Na sala de espera, um riso inesperado e mais alto do que o previsto assustou a senhora ao meu lado, que disse “deve ser divertido isso aí”. Meio sem jeito, concordei. Ela perguntou que livro era aquele. Mostrei-lhe a capa: “O Pai Morto”. “É engraçado mesmo com esse título triste?”, quis saber. Sim, muito. E não só isso.
Publicado originalmente nos Estados Unidos em 1975, o livro de Donald Barthelme (1931-1989) chegou ao Brasil pela primeira vez neste ano – foi lançado pela Rocco em julho, com tradução de Daniel Pellizzari. A história é surreal: um cortejo para enterrar o Pai Morto, figura gigantesca que possui uma perna mecânica e não está totalmente convencida sobre o fim de sua existência. Através de cabos de aço, os responsáveis por carregar o pai são Thomas, filho que lidera o grupo, e sua namorada Julie. Juntam-se ao cortejo Emma, amante de Thomas, e o alcoólatra Edmundo, o outro filho, além de operários que ajudam no transporte – e demandam melhores condições de trabalho.
Graça infinita
Barthelme foi revelado nos anos 1960 na revista New Yorker. Jornalista e professor de escrita criativa, beberrão e fumante, morreu aos 58 anos. Pode-se dizer que escreveu este livro para contestar o pai – arquiteto bauhausiano conservador. Mas sua obra influenciou gente como Salman Rusdie, Dave Eggers e principalmente David Foster Wallace, admirador declarado de sua prosa “dadaísta” .
Se o mote é como um filme de Luis Buñuel (1900-1983), as ferramentas utilizadas por Barthelme para dar cabo da história são uma colagem literária: há mesclas de gêneros e estilos, definições enciclopédicas, diálogos levianos e digressões metafísicas, tudo banhado num humor sarcástico.
Barthelme também foi pioneiro na utilização de desenhos para ilustrar passagens do texto, trunfo que o caracterizou como um dos pioneiros do pós-modernismo literário.

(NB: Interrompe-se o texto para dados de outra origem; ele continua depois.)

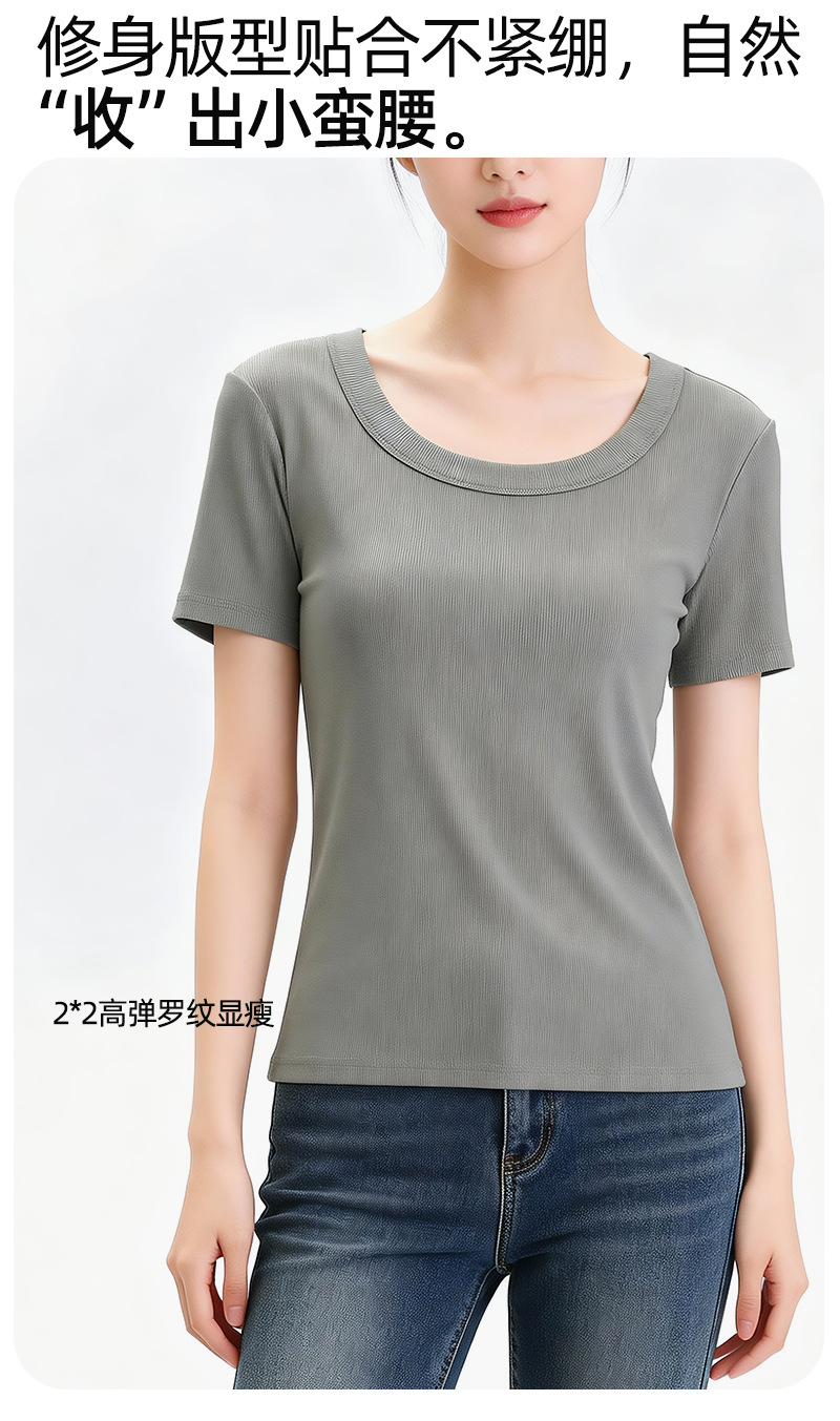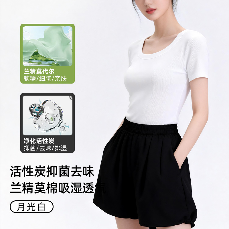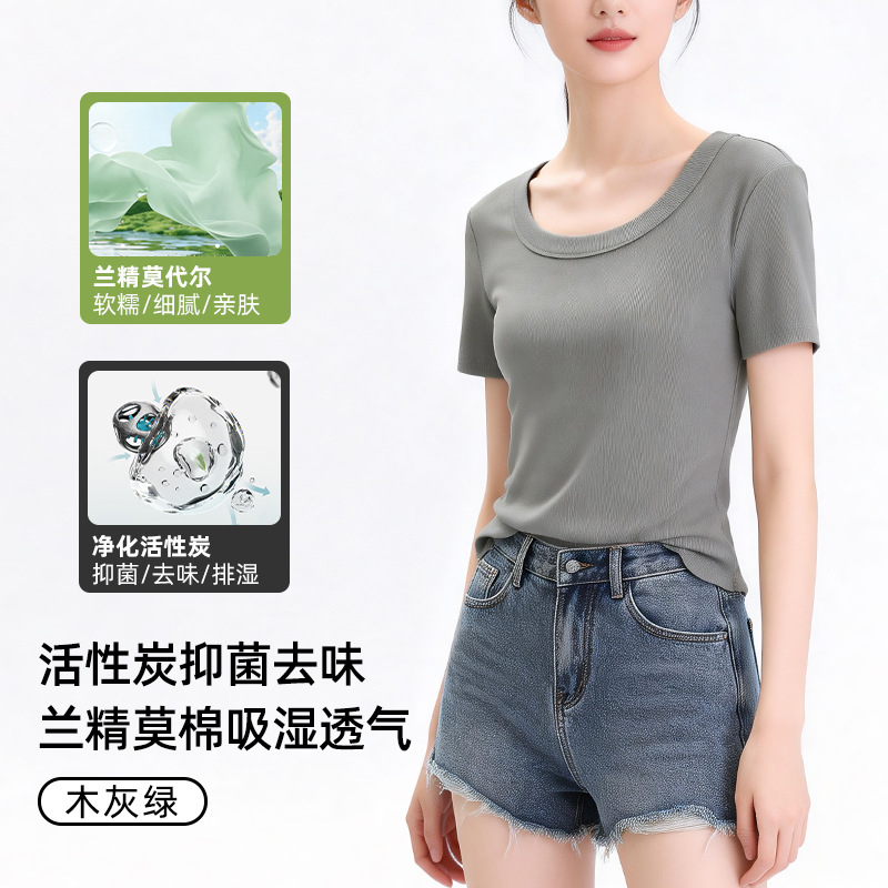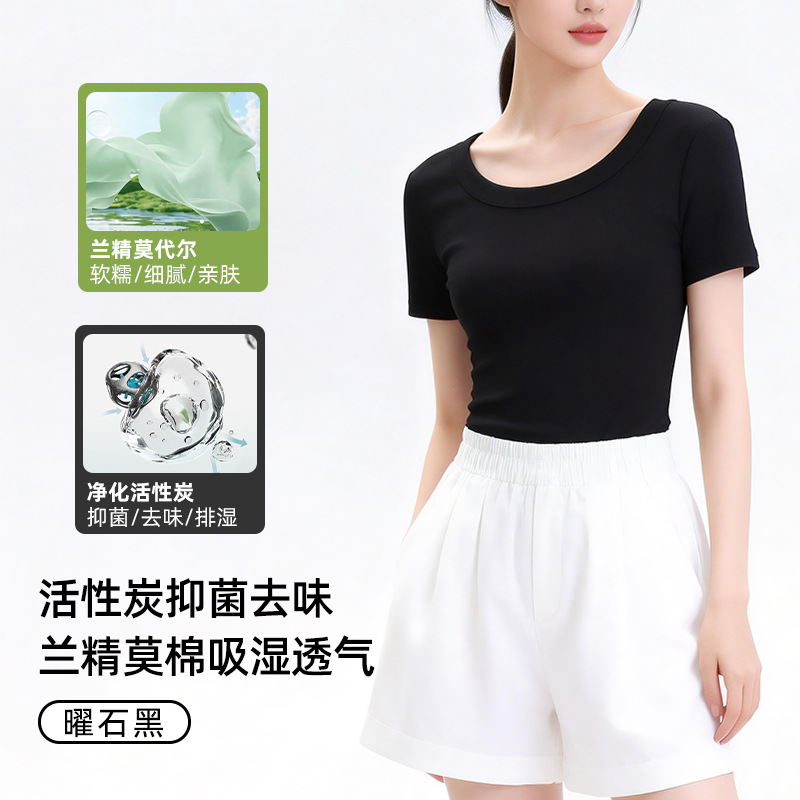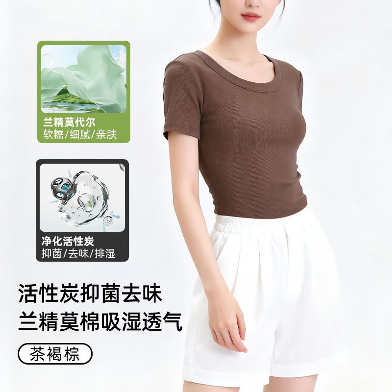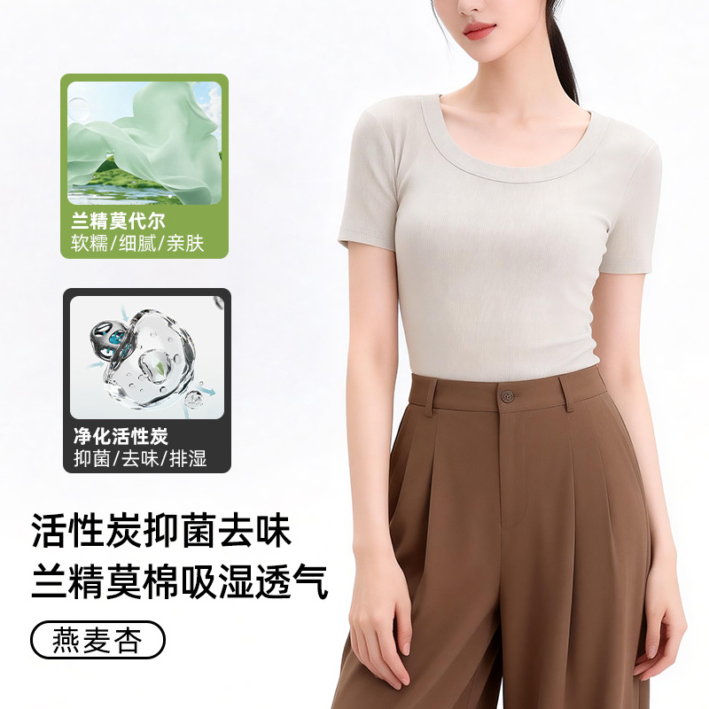 [란징 모달] 라운드넥 슬리밍 티셔츠 여성용 한국 스타일 패셔너블 캐주얼 베이직 무지 통기성 좋은 상의스토어 가기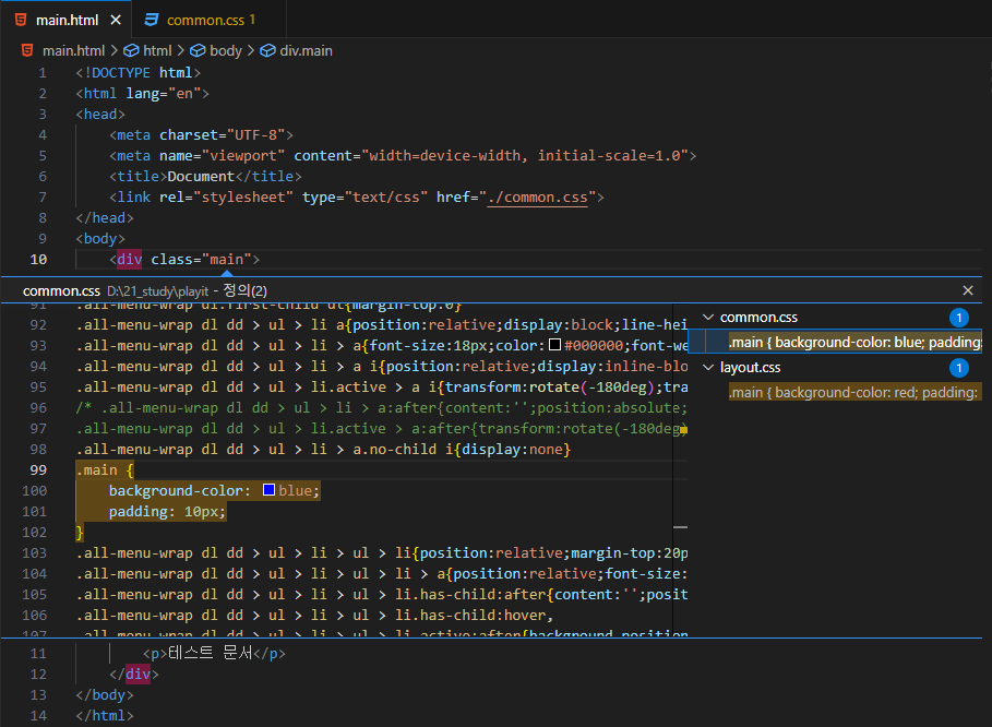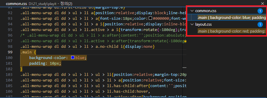 일부로 css파일에 여러 내용을 넣어놓고 테스트 해본 결과, 해당 class가 정의된 위치를 잘 쫒아가 보여주는 모습니다.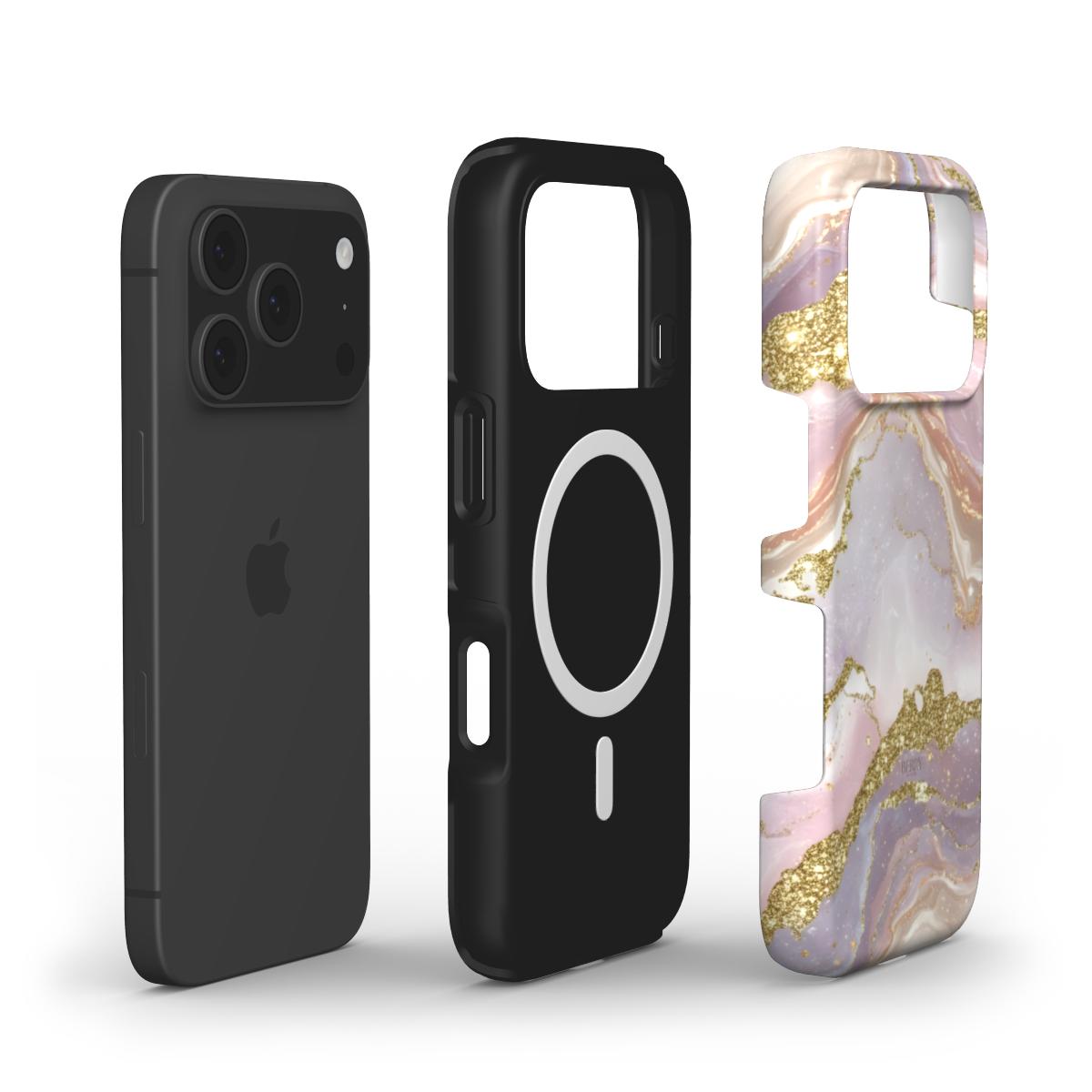 Midnight Sun er iphone coveret til dig der elsker soft rosa nuancer, lilla drømme og et strejf af guld glam. Marble mønsteret flyder som solnedgang på himlen, og giver din iphone et elegant og luksusagtigt look, der passer både til hverdag, cafétur og nights out. Et aesthetic girly iphone case til hende der altid vælger det smukkeste i rummet og gerne vil have et cover der føles som jewelry til telefonen.

Donald Barthelme. Tradução de Daniel Pellizzari. Rocco,
240 pp., R$ 34,50. Romance.
Contradições
Durante a jornada, O Pai Morto – mesquinho e tirânico – questiona frequentemente sua morte física, elucubrando possibilidades para permanecer neste mundo.
Como se fosse um “todo poderoso”, ele tem a capacidade de matar animais e os próprios filhos, embora esteja sendo carregado por eles para um funeral.
São essas contradições nas relações entre pais e filhos e, num plano mais profundo, certa veneração ao existencialismo, as principais marcas desta obra, tão engraçada quanto desafiadora.